My 10th graders showed up first thing and started whining about their quiz; one kid kept (literally) screeching at me that he was absent all last week until finally I just told him to sit down and shut up before I smashed his face in. (I said it in English, which makes it easier to get away with.)

After this I went to my 11th grade class, but no one was there, and the next thing I know, some guy from the office is running down the hall telling everyone to evacuate the building. I asked another teacher what was going on, but she didn't know. I went outside and got knocked to the ground by a mob of kids running off campus... to watch a fight. Seriously? We evacuated the building because there was a fight going on outside? In what universe does that make sense??

Eventually I herded my students back inside, but at this point they were wild. Now, in the U.S., this sort of thing happens all the time and I don't really have a problem reestablishing order. Here, I'm at an utter loss: I don't have enough command of my subject to take control of the lesson, and I'm not adept enough at French to intimidate them properly. In other words, they can walk all over me and they know it. This has never, ever happened to me before in my teaching career, even in the the depths of the Mississippi ghetto. I have always been able to keep my kids in line. Not here.

I've made jokes before about locking myself in the bathroom to cry, but today I actually did it. Twice. In the same hour. My colleague Stéphane told me I looked "quite tired," which is a euphemism, I suppose, for "like you've been bawling your eyes out for twenty minutes." I agreed that I was, indeed, quite tired and also I was having some allergy problems (which we both knew was a lie but allowed me to salvage my dignity). He was trying very hard to be helpful and gave me a copy of the lesson he's using with the class we have in common. I looked at it (a text on the history of the Internet) and thanked him profusely then locked myself into the bathroom to cry some more because this is part of my problem.

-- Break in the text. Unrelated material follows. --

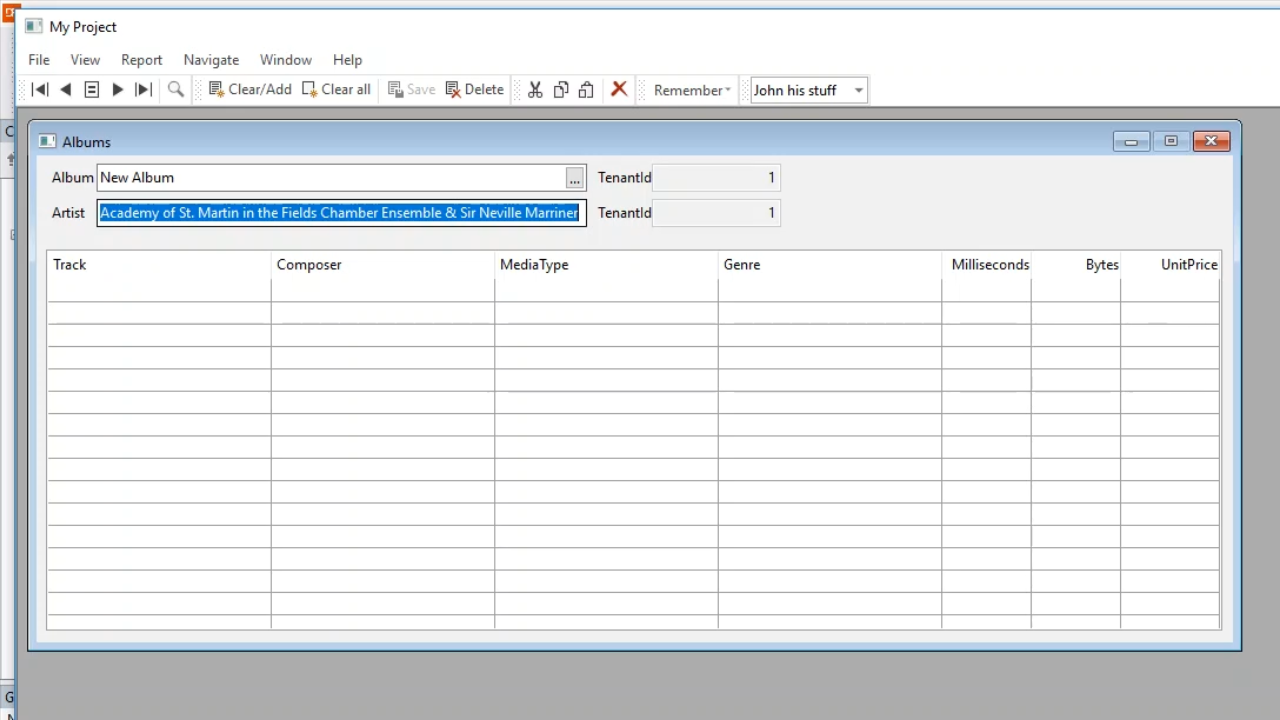 Running the application shows the combo that displays the different tenants that available for selection. Opening the ‘Albums’ view should only show data that applies to the selected tenant.

This is the kind of lesson they give-- the history of the Internet, people-- and I'm supposed to find a way to engage academically-challenged students whose grasp of English is extremely poor with a two-hour lesson involving expressions like network, Internet gateway and linked via telephone wires.

When the two-hour group showed up, they were fighting mad, assuming I'd requested the schedule change. I was exhausted and defeated and finally just said, listen, I don't particularly want to spend two hours with you either, but we're stuck with each other so let's figure out a way to make it tolerable. I asked them to write an anonymous note describing what they want the course to be: we could spend all our time preparing their end-of-year exam, which is dry, thankless work involving analyzing texts and images; or we could start from zero and relearn English all over again. (Most of them have a shaky grasp of the language at best.) I said I'm more accustomed to working with beginners and would probably want to do ridiculous interactive games and skits which would seem childish and beneath their dignity, but in the end might actually allow them to speak English.

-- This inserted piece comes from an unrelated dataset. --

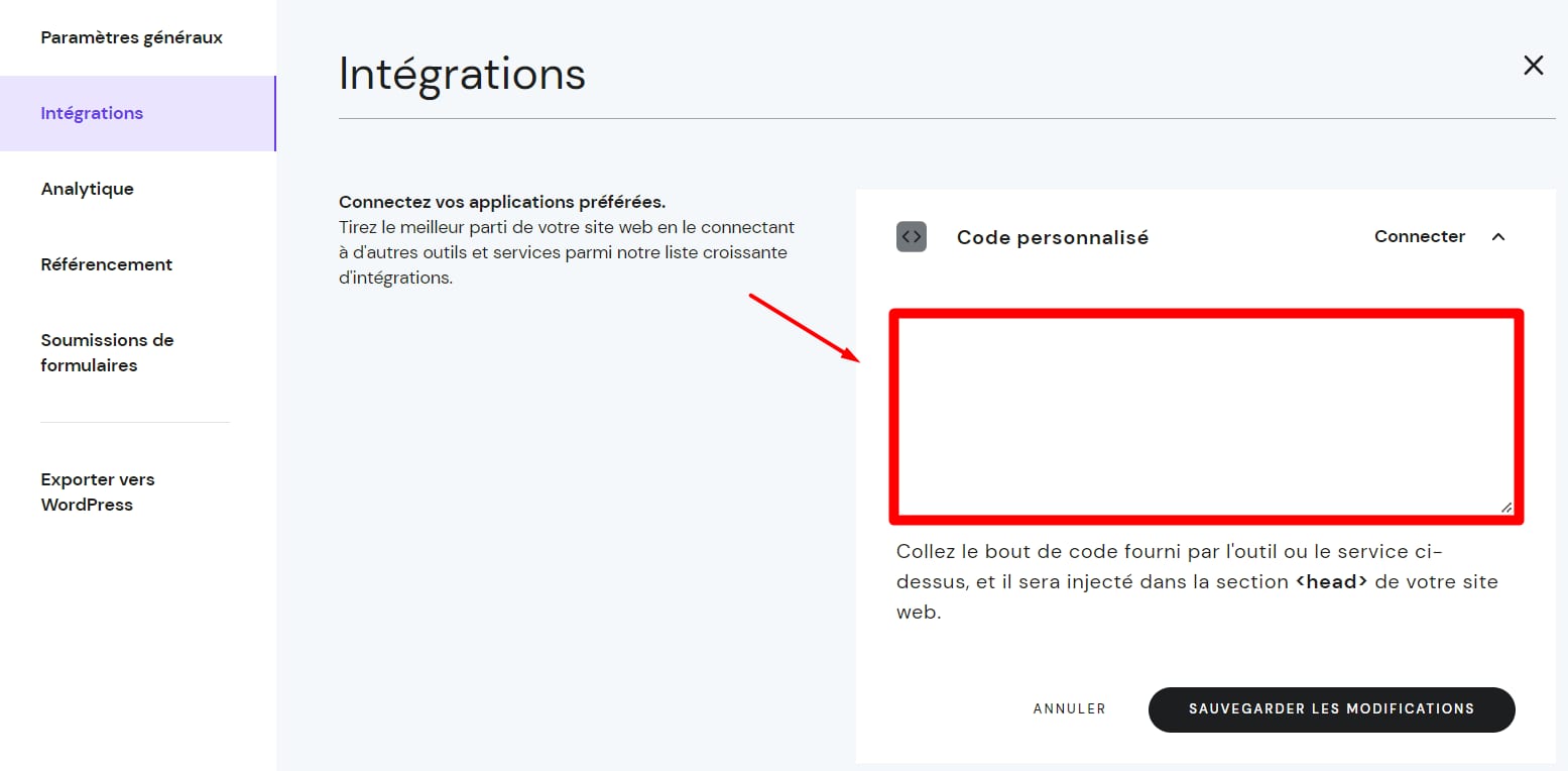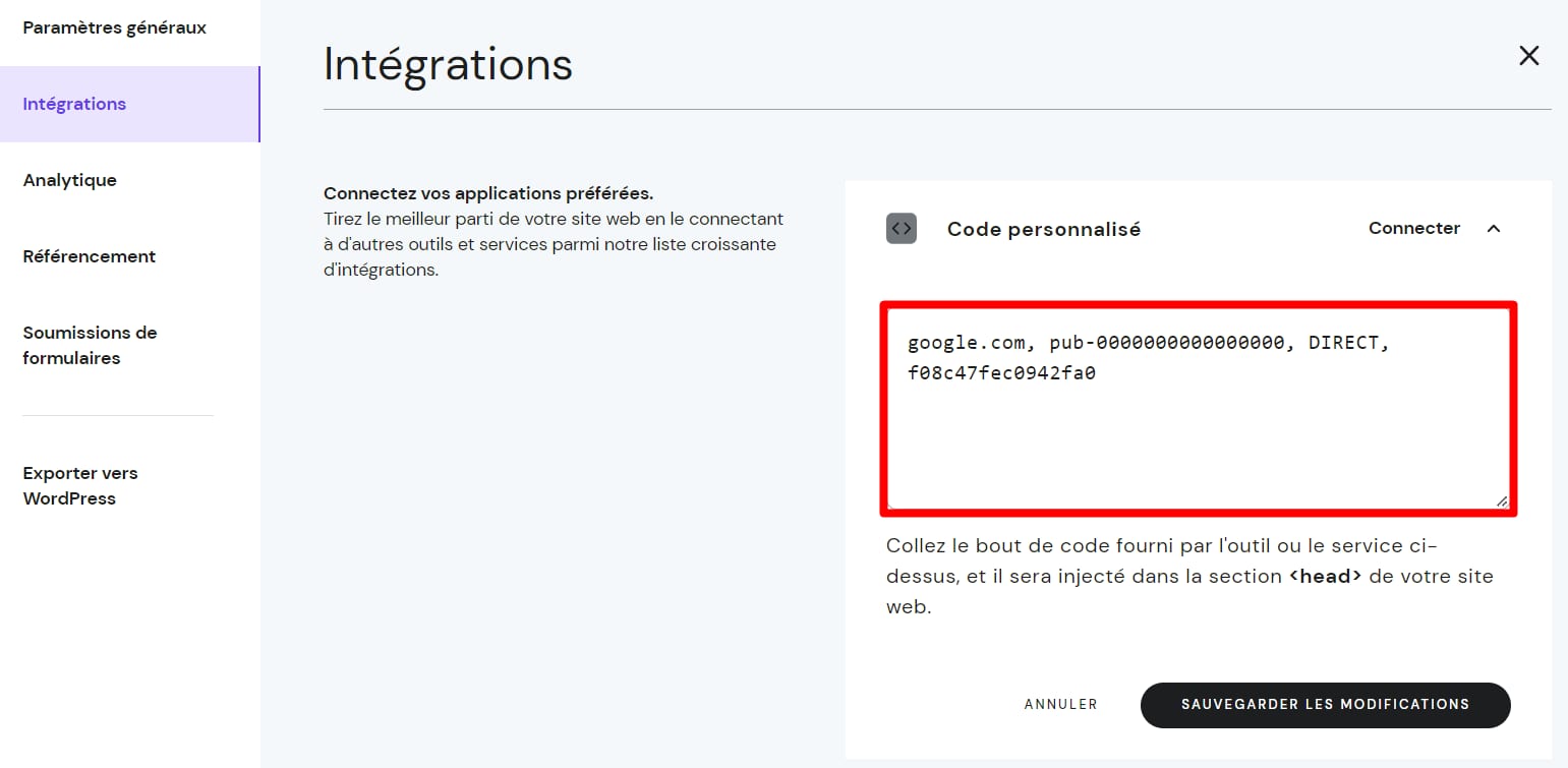 Dans le Créateur de sites Web Hostinger, accédez aux paramètres d’intégration et trouvez le champ Code personnalisé. Insérez-y votre code Google AdSense :

I guess this went a ways towards restoring good will (how, I don't really know), because they were fairly cooperative for the godawful Internet article. We got through the day and I finally got home, and my mother used her psychic mom powers and called so that I could cry some more and get snot all over the phone.

I've decided that today is my Black Day, the point that I look back on and say, "Yeah, that was it. That was the worst day. Everything got easier after that."

So, there it is. My Black Day is over. Everything will be easier after this.